• _What you should do_: Using only the entries below, copy exactly the lines that begin at the one with "Dark Hunter Green" and end at the one with "On viewThis chess", both included. Drop the pictures.

** Dataset follows **

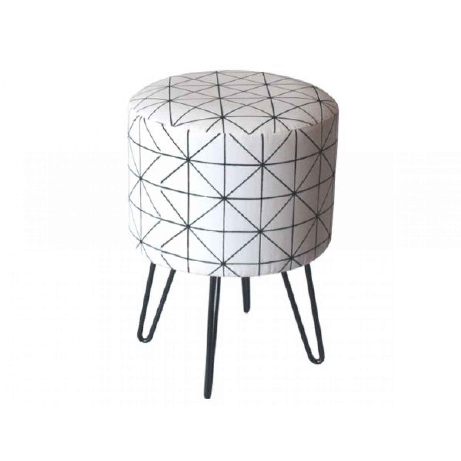 Taburet s kovovými nohami. Sedák je čalouněný bílou látkou s černým potiskem. Taburet nemá úložný prostor. Rozměry: - šířka 30 cm - hloubka 30 cm - výška 38 cm
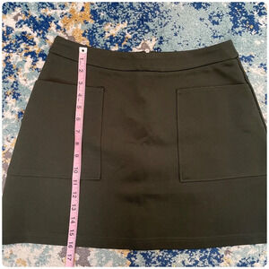 Dark Hunter Green mini skater skirt with two front pockets and hidden back zipper. This is a ponte material and very stretchy! The two front pockets are very 70’s inspired.
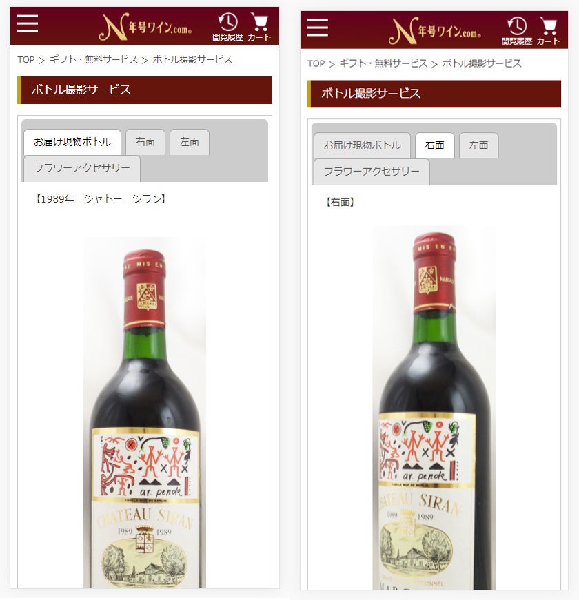 ご注文いただきましたワインは、現物のボトルを撮影してご案内しております。お届けするワインのコンディションがご購入前に確認できて安心です。また正面では写しきれないラベル左右についても左面、右面を撮影し、ご案内。
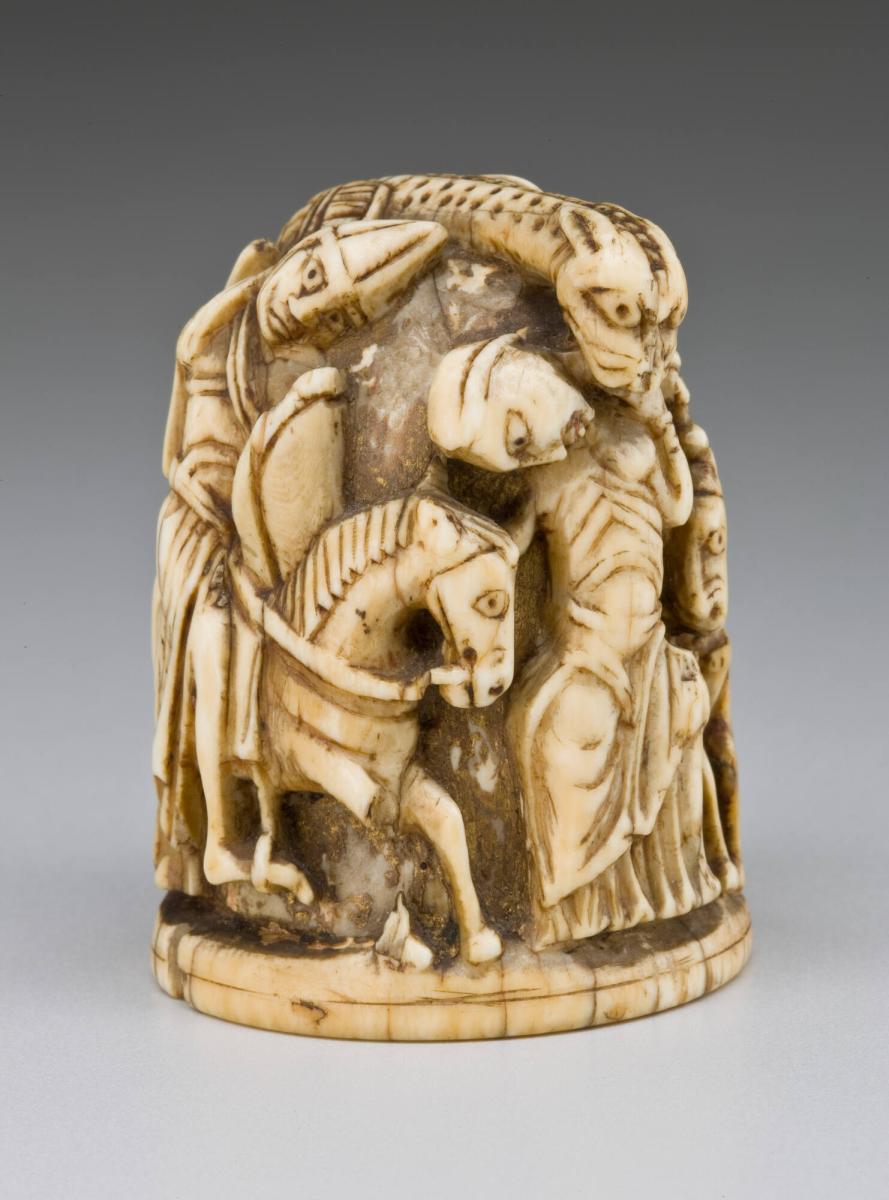 On viewThis chess piece depicts the legend of Saint George and the dragon that rapidly gained popularity in Byzantine and Western Christian traditions via the Crusades in the 12th century. The sword-wielding knight slaying a dragon represents an allegory of good versus evil.
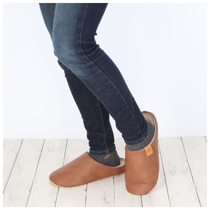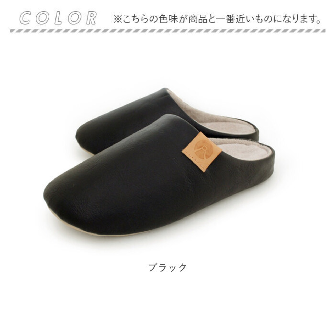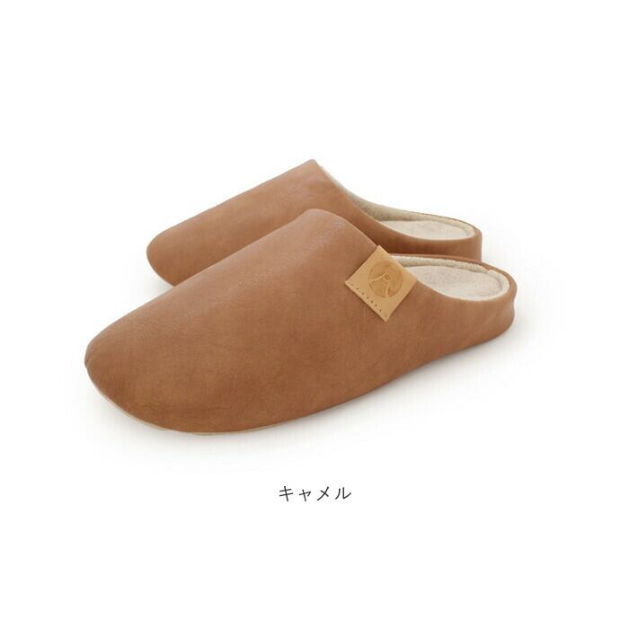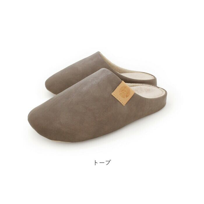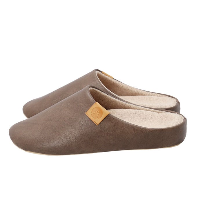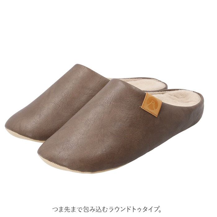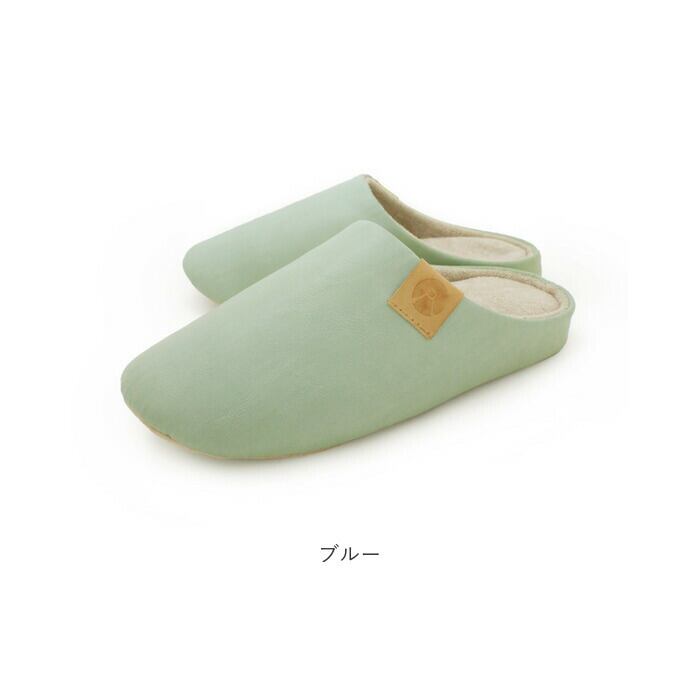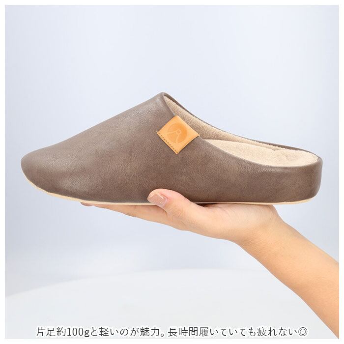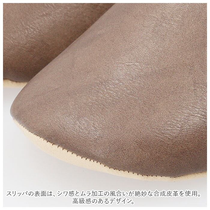 ・スリッパの表面は、シワ感とムラ加工の風合いが絶妙な合成皮革を使用。高級感のあるデザイン。
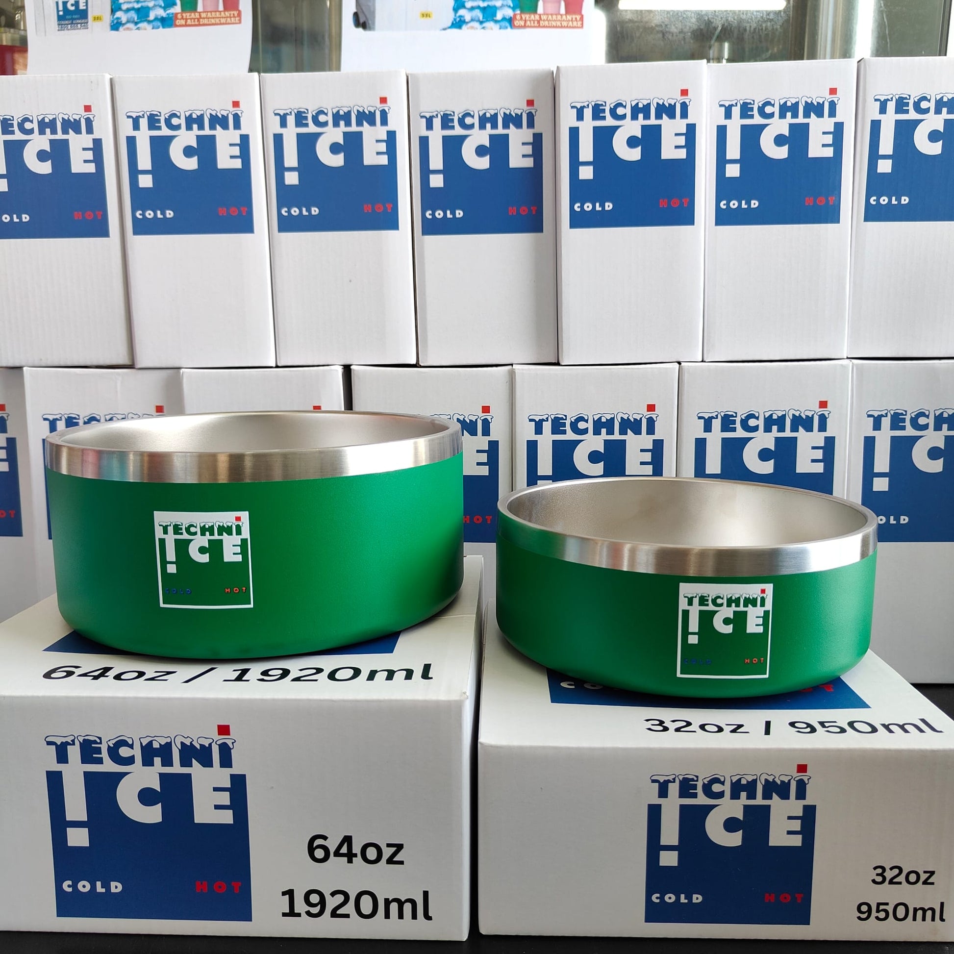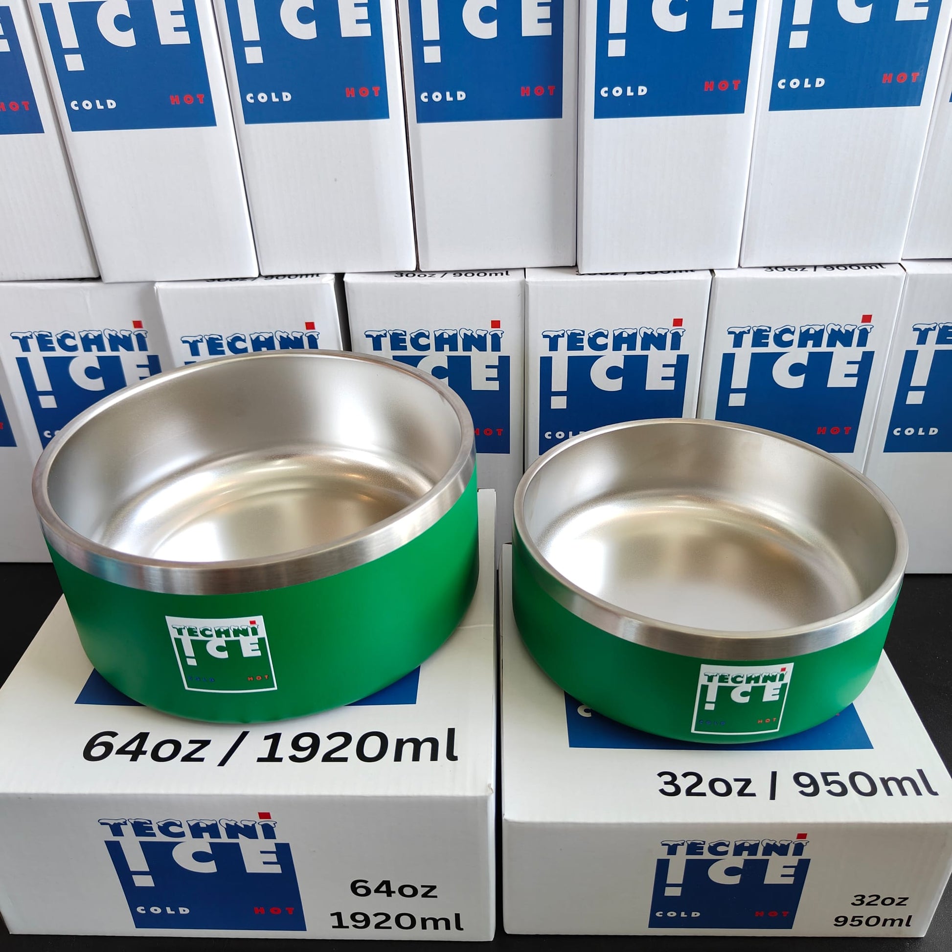 Techni Ice 950ml (32 oz.) + 1920ml (64 oz.) Dog Bowl Combo Emerald Stainless Steel 6 Years Warranty *fresh stock just arrived

** End of Dataset **

• _Solution_:
 Dark Hunter Green mini skater skirt with two front pockets and hidden back zipper. This is a ponte material and very stretchy! The two front pockets are very 70’s inspired.
 ご注文いただきましたワインは、現物のボトルを撮影してご案内しております。お届けするワインのコンディションがご購入前に確認できて安心です。また正面では写しきれないラベル左右についても左面、右面を撮影し、ご案内。
 On viewThis chess piece depicts the legend of Saint George and the dragon that rapidly gained popularity in Byzantine and Western Christian traditions via the Crusades in the 12th century. The sword-wielding knight slaying a dragon represents an allegory of good versus evil.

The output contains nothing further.